Return exactly the lines of the entries that start at the line containing "3. Vyberu typ" and continue to the last line. Omit the pictures.

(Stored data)
[Start of section]

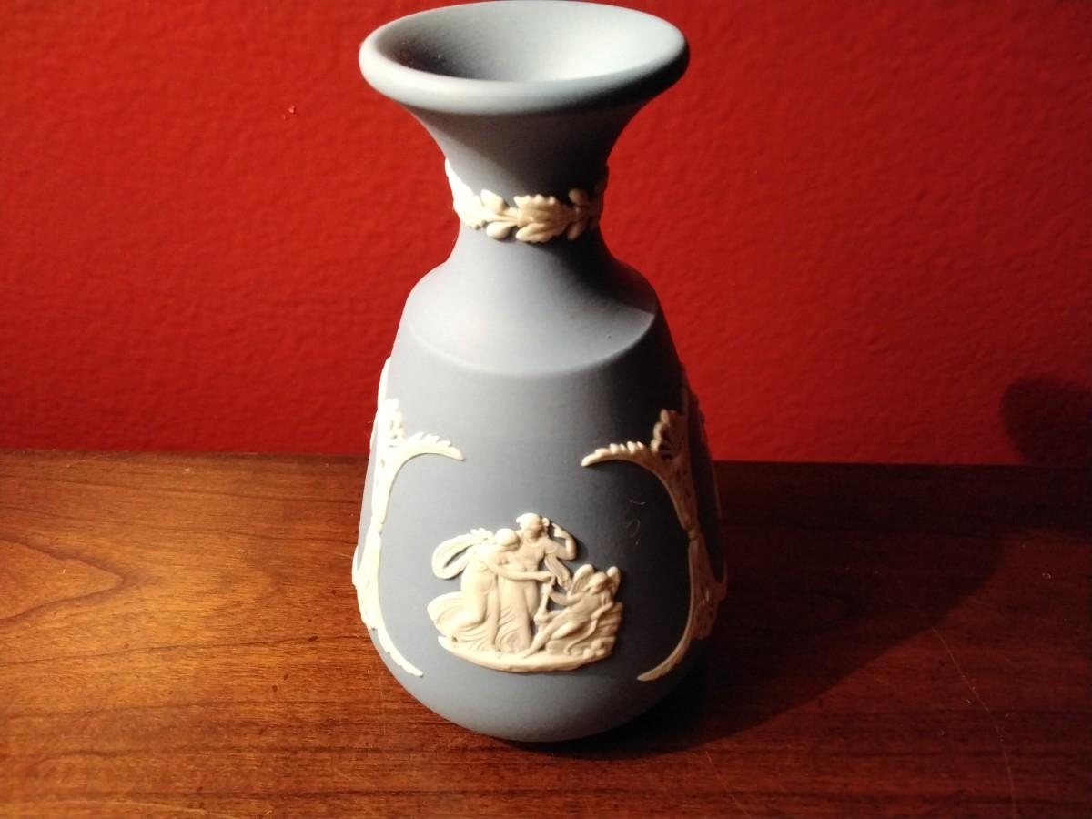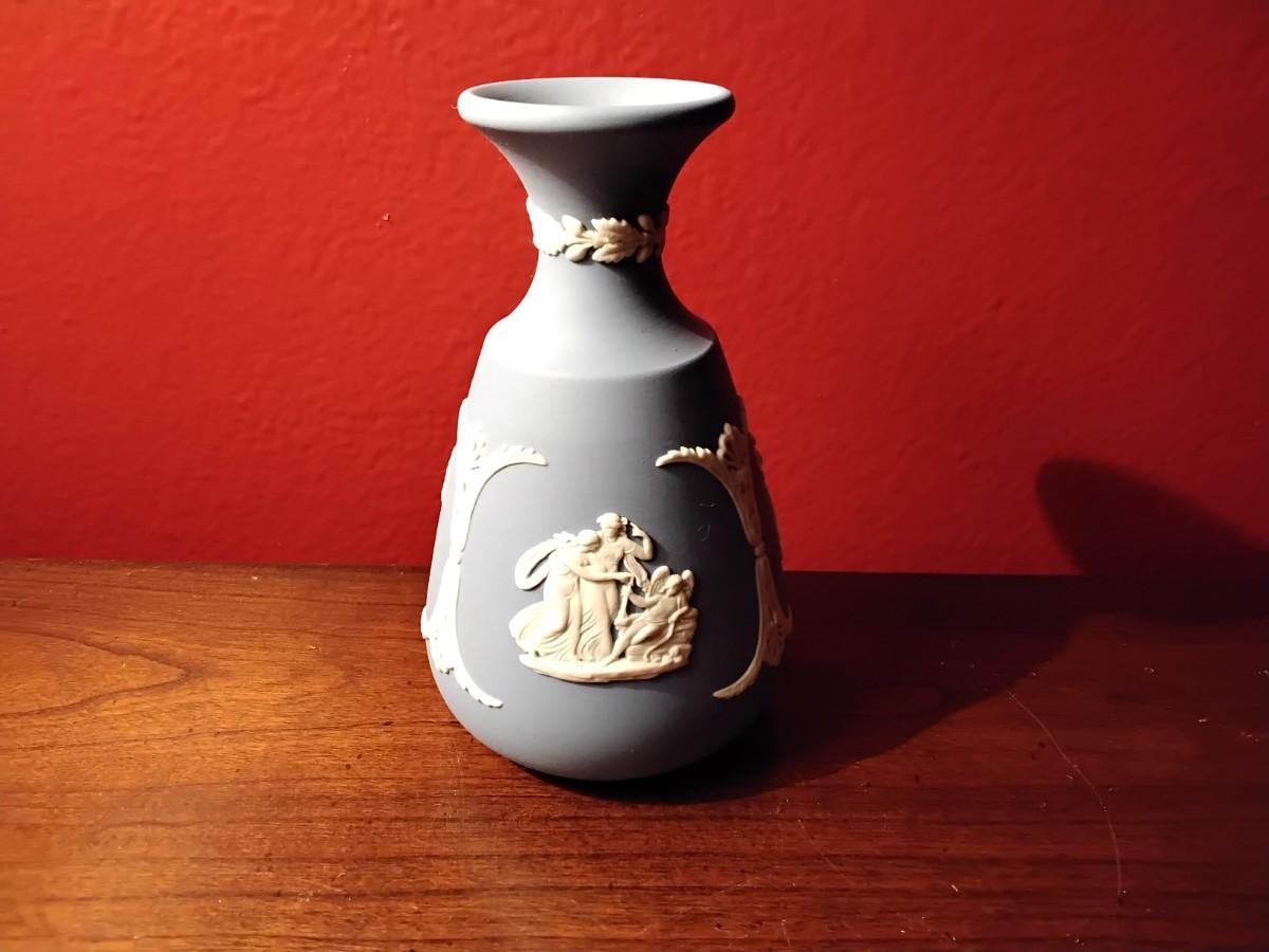 Beautiful vintage Wedgwood, jasperware bud vase with 3 cameo scenes and beautiful white relief work in between each scene, as well as relief work on the the neck of the vase. Stamped Wedgwood, Made in England, 67. Stands 5" high. A real beauty! Height 4.75"
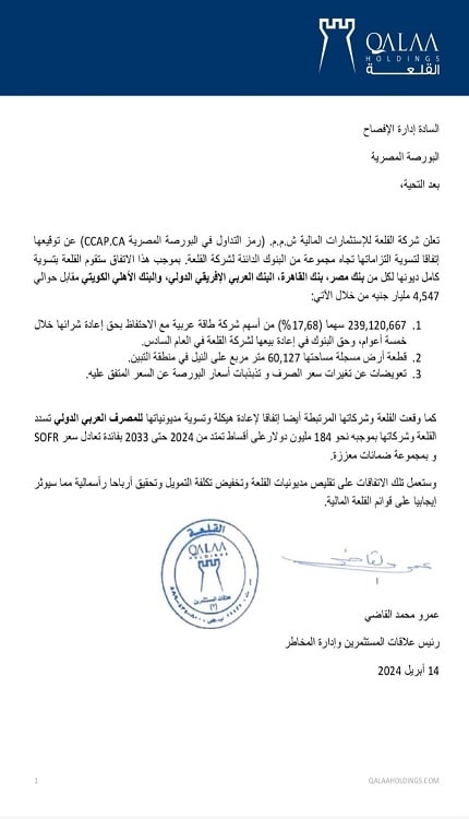 أعلنت شركة القلعة للاستثمارات المالية المصرية، اليوم الاثنين، عن توقيعها اتفاقين لتسوية التزاماتها ومديونياتها تجاه عدة بنوك بقيمة إجمالية، تتجاوز 13.5 مليار جنيه مصري.
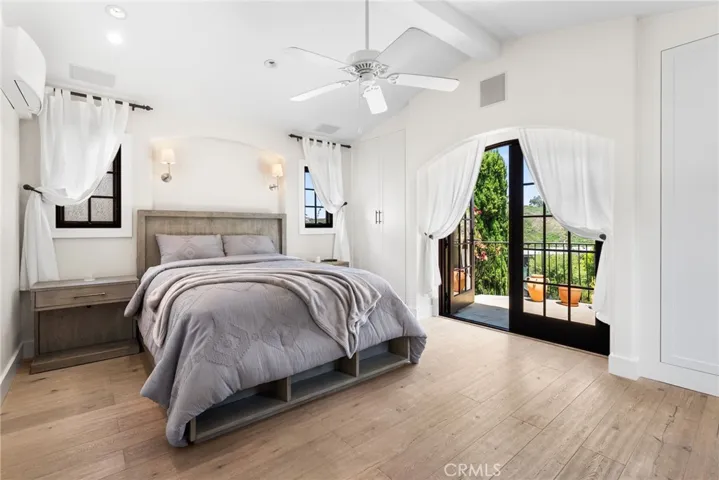 Upstairs bedroom updated with a built-in closet, Samsung TV, a direct access to a charming Juliet balcony with canyon views. Steamed shower, Jeeves classic towel warmer rack and heated flooring in the bathroom.
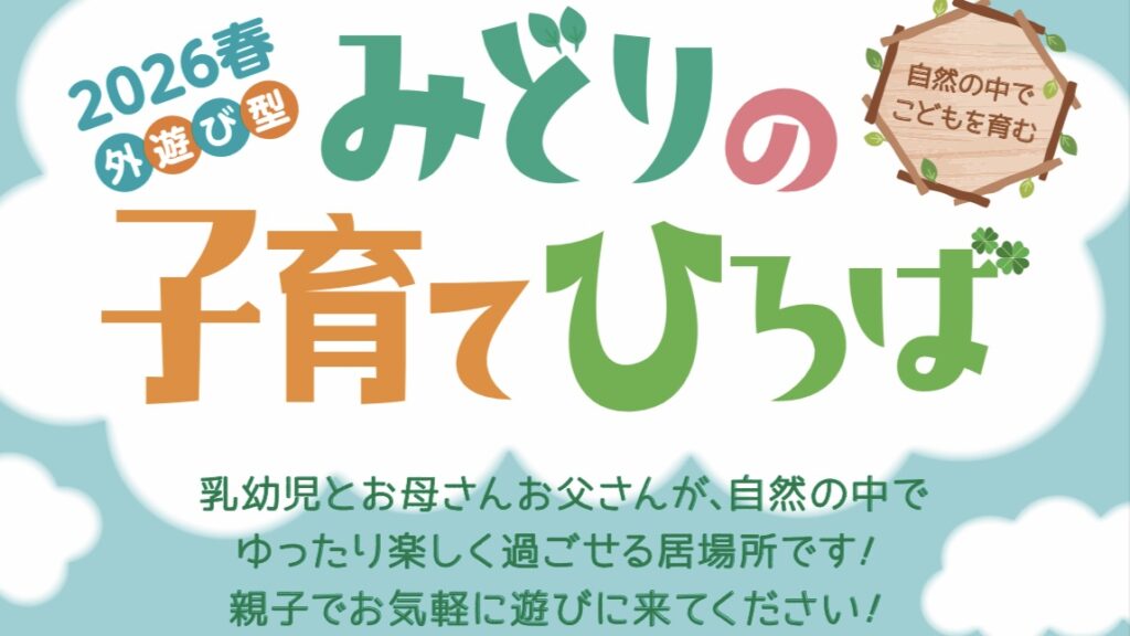 - 2026年度春の『みどりの子育てひろば』を開催します!お待たせしました!「みどりの子育てひろば」がこの春、再び開催となります。身近な自然と触れ合い、遊びながら、こどもたちののびのびした育ちを… 続きを読む: 2026年度春の『みどりの子育てひろば』を開催します!
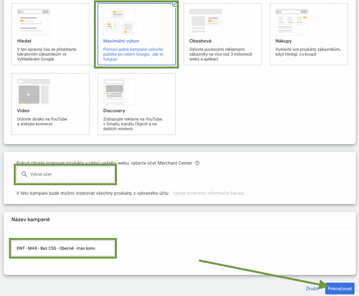 3. Vyberu typ kampaně “maximální kampaň”. Vykřížkuju daného CSS partnera. Případně nevyberu CSS partnera, pokud používám vícero (doporučujeme). A poté si pojmenuji kampaň. Do názvu je dobré napsat si typ strategie a také “bez CSS”, ať můžete rychle identifikovat, o jakou kampaň se jedná.
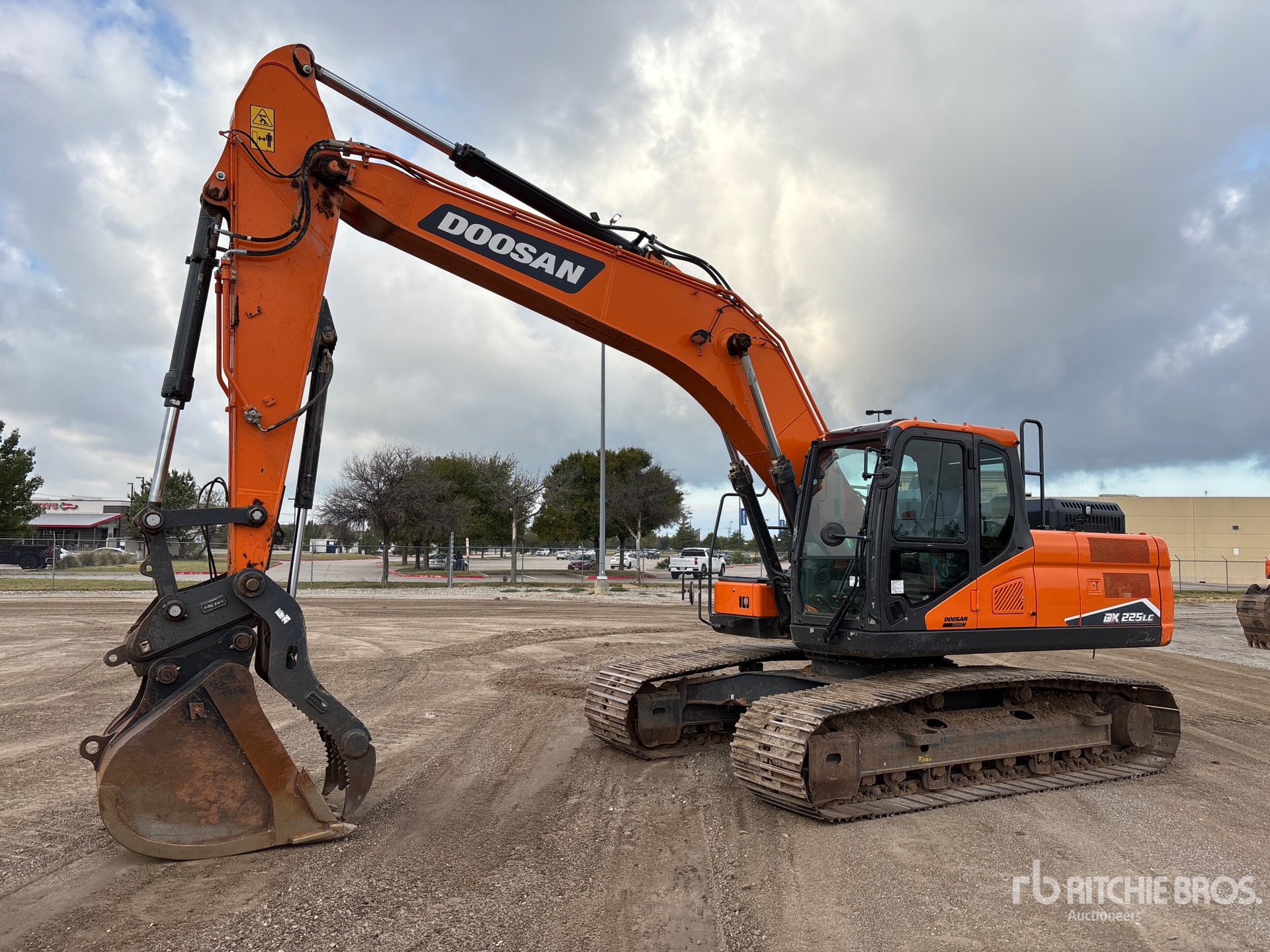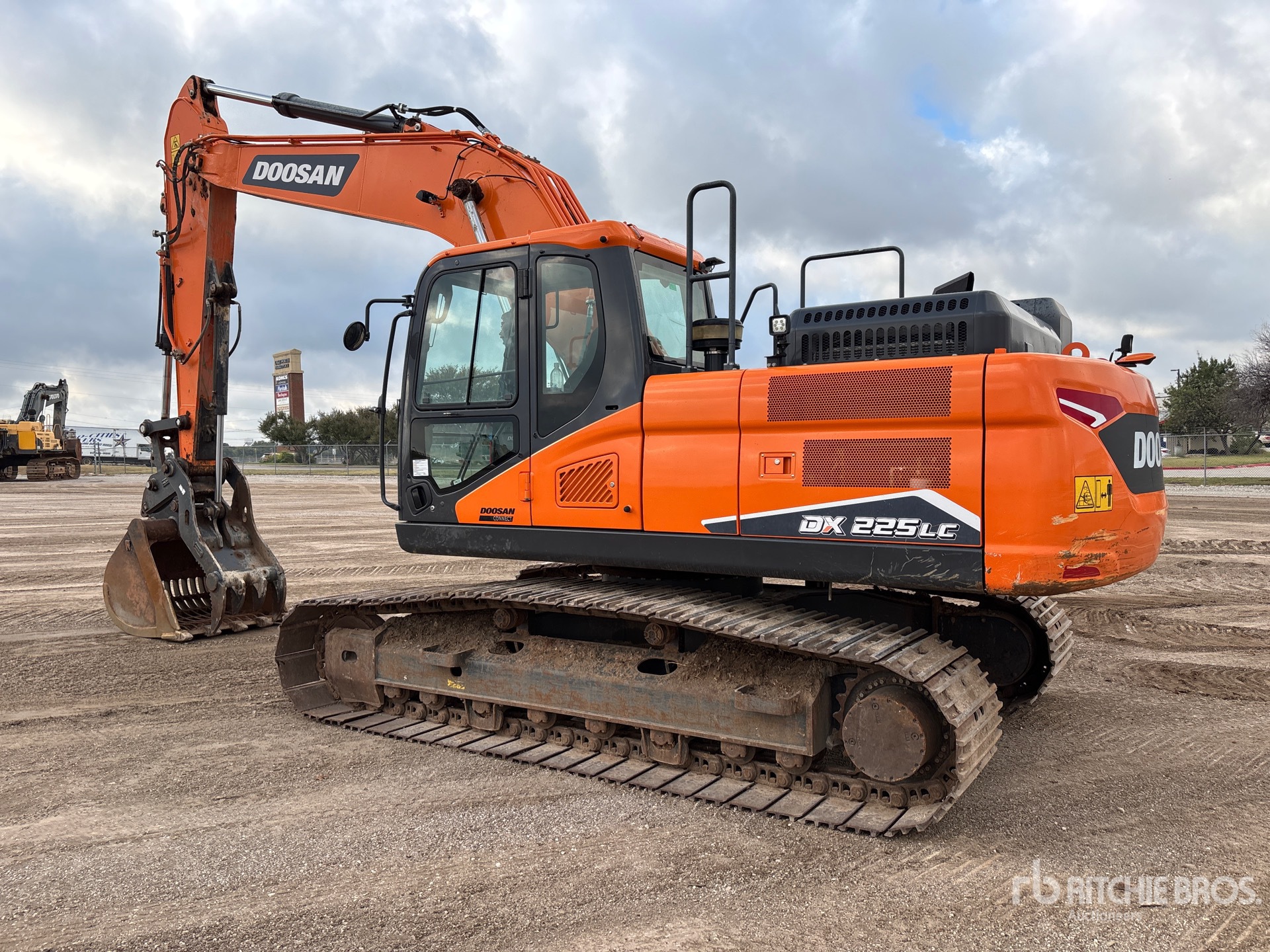 Situé sur la voie 58, emplacement 16, ce tracteur est équipé de la climatisation, de caméras de recul et latérales, d'une étiquette EPA américaine de 2022, nécessite du liquide d'échappement diesel, d'un bras de 2,95 m, de chenilles à triple crampon de 80 cm, d'une attache rapide hydraulique, d'un godet squelette de 122 cm et d'un pouce hydraulique.

[End of section]

**Answer for the task:**
 3. Vyberu typ kampaně “maximální kampaň”. Vykřížkuju daného CSS partnera. Případně nevyberu CSS partnera, pokud používám vícero (doporučujeme). A poté si pojmenuji kampaň. Do názvu je dobré napsat si typ strategie a také “bez CSS”, ať můžete rychle identifikovat, o jakou kampaň se jedná.
 Situé sur la voie 58, emplacement 16, ce tracteur est équipé de la climatisation, de caméras de recul et latérales, d'une étiquette EPA américaine de 2022, nécessite du liquide d'échappement diesel, d'un bras de 2,95 m, de chenilles à triple crampon de 80 cm, d'une attache rapide hydraulique, d'un godet squelette de 122 cm et d'un pouce hydraulique.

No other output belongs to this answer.